Did the CNBB also forget that, during a 58-day campaign, TFP volunteers collected 1,600,368 signatures nationwide for this message to Paul VI (the largest petition in our history), including fifteen archbishops and bishops, five ministers of state, two state governors, two army marshals, two air force marshals, five admirals, eight generals, two senators, two vice-governors, twelve state secretaries, numerous magistrates, university professors, federal and state deputies, mayors, and city councilmen?
How can we explain that the CNBB forgot that in 1968, nineteen archbishops and bishops—including Dom Geraldo de Proença Sigaud and the illustrious Bishop of Campos, Dom Antônio de Castro Mayer—sent a message to the late President Costa e Silva, from which I highlight this excerpt: “Statements by clergy and laypeople … give the impression that leftist and subversive tendencies … constitute a widespread opinion among bishops, priests, and laypeople. This impression is caused in part by multiple leftist statements emanating from Catholic circles, by these pronouncements’ strident and demagogic character, and finally by the sensationalist coverage that a considerable part of the press gives them” (cf. Catolicismo, Campos, nos. 212-214, August-October 1968). This message—like that of the TFP before it—has since been widely disseminated in the country’s main media outlets.
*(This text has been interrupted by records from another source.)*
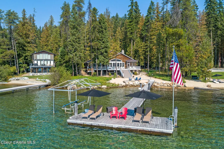 Discover your perfect lake retreat in this stunning waterfront home, offering breathtaking views of Priest Lake and a tranquil atmosphere. This luxuriously appointed home combines modern amenities with the relaxed charm of lakeside living, on a rare 5+ acre lot providing endless expansion potential. Virtually everything in this spacious Cape Cod style home has been updated for easy living and stylish comfort. A luxurious kitchen, high-end flooring, new roof, propane furnace and AC. 5 bedrooms and 3 baths easily accommodate all your family and friends. Office, sunroom, loft and more! Enjoy the warmth of a wood-burning fireplace appointed with soaring river rock. Soak up the serenity in your hot tub on a huge wraparound new Trex deck on 114' of beach. Private dock with boat and jet ski lifts. An extensive circular driveway leads to a 2-car attached garage for easy and ample parking. Community sewer system and private well. Buyer to verify all information Always be connected with high-speed satellite internet and automatic generator. Great quiet location, but close to resorts, restaurants, and golf. Absolutely everything you need to relax and enjoy lake life to the fullest!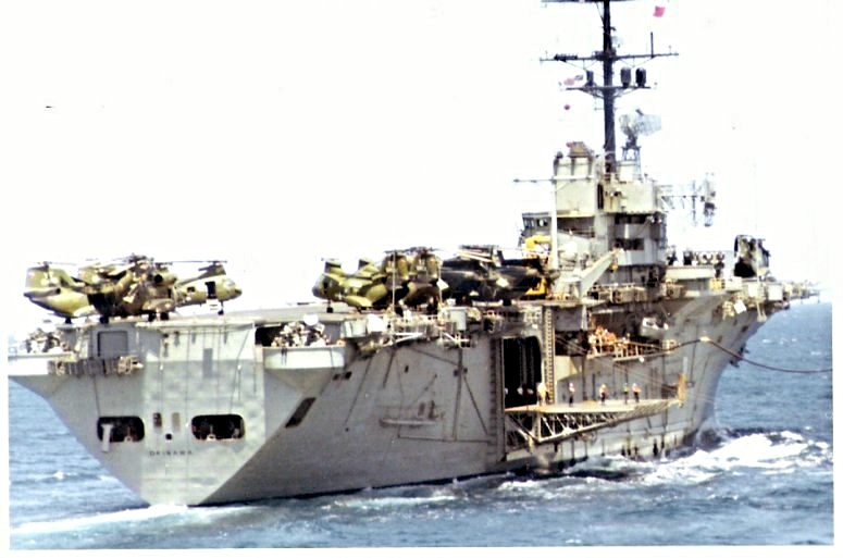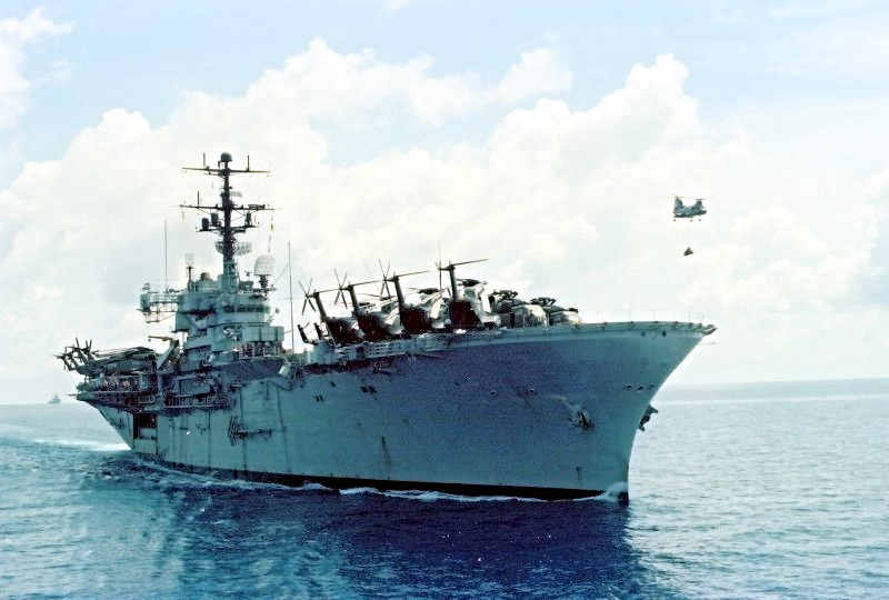 In 1975 as Saigon fell, the U.S.S. Okinawa assisted in the evacuation of fleeing Vietnamese. To make room on deck, abandoned aircraft were thrown overboard.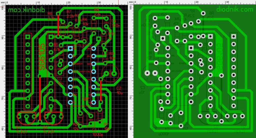 Силовая часть схемы и развязывающий драйвер буду собирать на печатной плате размером 80*101мм, управляющая часть собрана на отдельном куске текстолита размерами 45*50мм. Скачать печатную плату Прочитайте Получить пароль от архива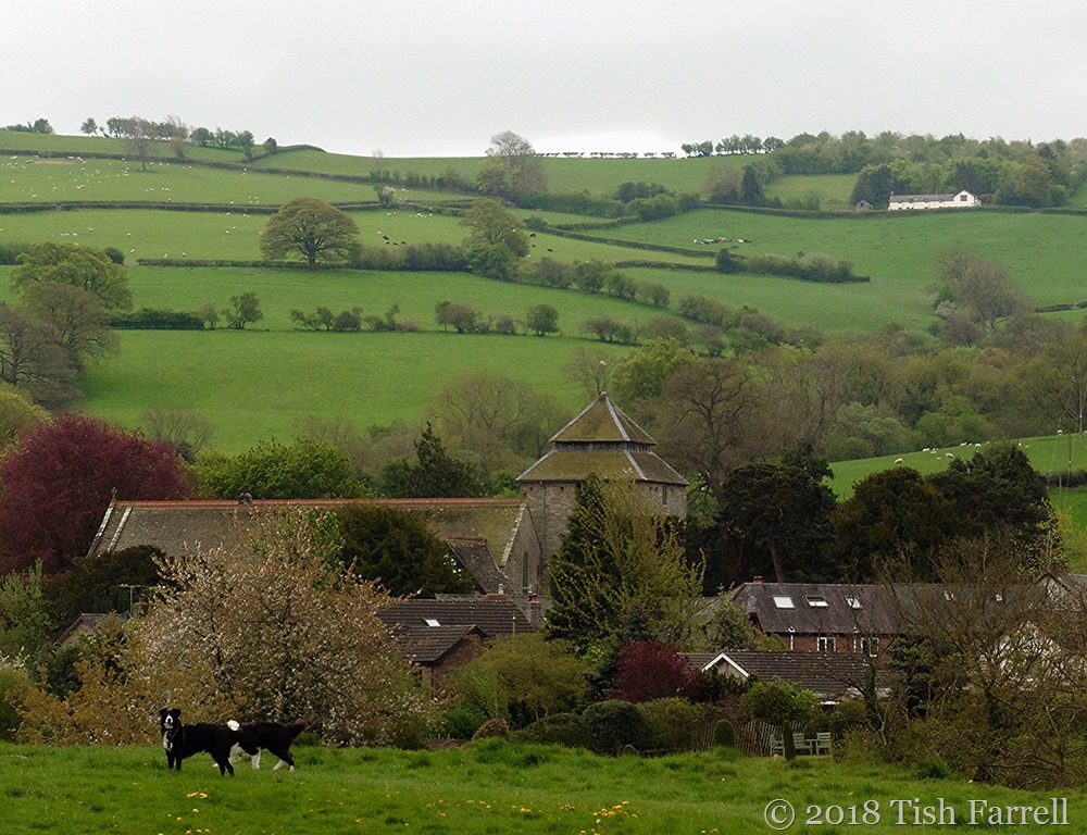 And with this final very green view of the Clun Valley and of St. George’s church, Dr. and Mrs. Farrell hotfooted it back to the car before it started to rain.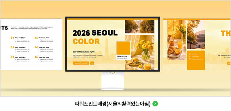 2026년, 서울의 색으로 모닝옐로우(Morning Yellow)가 선정되었습니다. 이 색은 매일 아침 서울시민의 하루를 여는 아침 해☀️의 따뜻한 빛에서 영감을 받아 탄생했으며, 희망과 시작을 상징합니다. 모닝옐로우를 포인트 컬러로 활용한 PPT 템플릿은 시각적인 집중도를 높이고, 새로운 계획과 아이디어를 더욱 명확하고 생동감 있게 전달하는 데 효과적입니다.

I spoke of Bishop Antônio de Castro Mayer, that prelate with privileged intelligence and culture and dazzlingly fearless public action, who is gaining renown among anticommunists worldwide as the Athanasius of the 20th century. In 1972, he published the Pastoral Letter on Cursillos in Christianity, in which he documented (pp. 77-101) serious symptoms of communist infiltration in this lay organization, which the CNBB had approved and vigorously promoted. Ninety-two thousand six hundred copies of the work were sold in Brazil alone. Its impact was so great, even within Cursillista ranks, that the once-flourishing organization withered and dwindled to its current state. Has the CNBB forgotten or ignored all this?
Could the CNBB be unaware of the sad document issued by its Regional Sul II (the episcopal body of the state of Paraná), which, predicting a communist victory in Brazil in 1976, urged its brothers in the episcopate to collaborate with the red regime, even if it persecuted the Church? I published this document in my book The Church Facing the Escalating Communist Threat (pp. 87-95). Some 46,000 Brazilians now own and have read the alarming document from Regional Sul II.
Why, then, is the CNBB so disconcerted by Bishop Sigaud’s claim that Bishops Casaldáliga and Tomás Balduíno are communists?
I conclude with a brief explanation.
When addressing Bishops Casaldáliga and Balduino, Bishop Sigaud made no mention of my publication on the subject. I dismiss the idea that this was motivated by pettiness, which I have never seen in him throughout our years of acquaintance.
There must have been other reasons. Out of respect for them, I decided not to intervene in the matter until my silence became inexplicable to the countless friends who honor me with their trust across Brazil.
Thus pressed, I’ve finally spoken up only after much pressure.
How could I refuse to extend this kindness to those so deserving of it?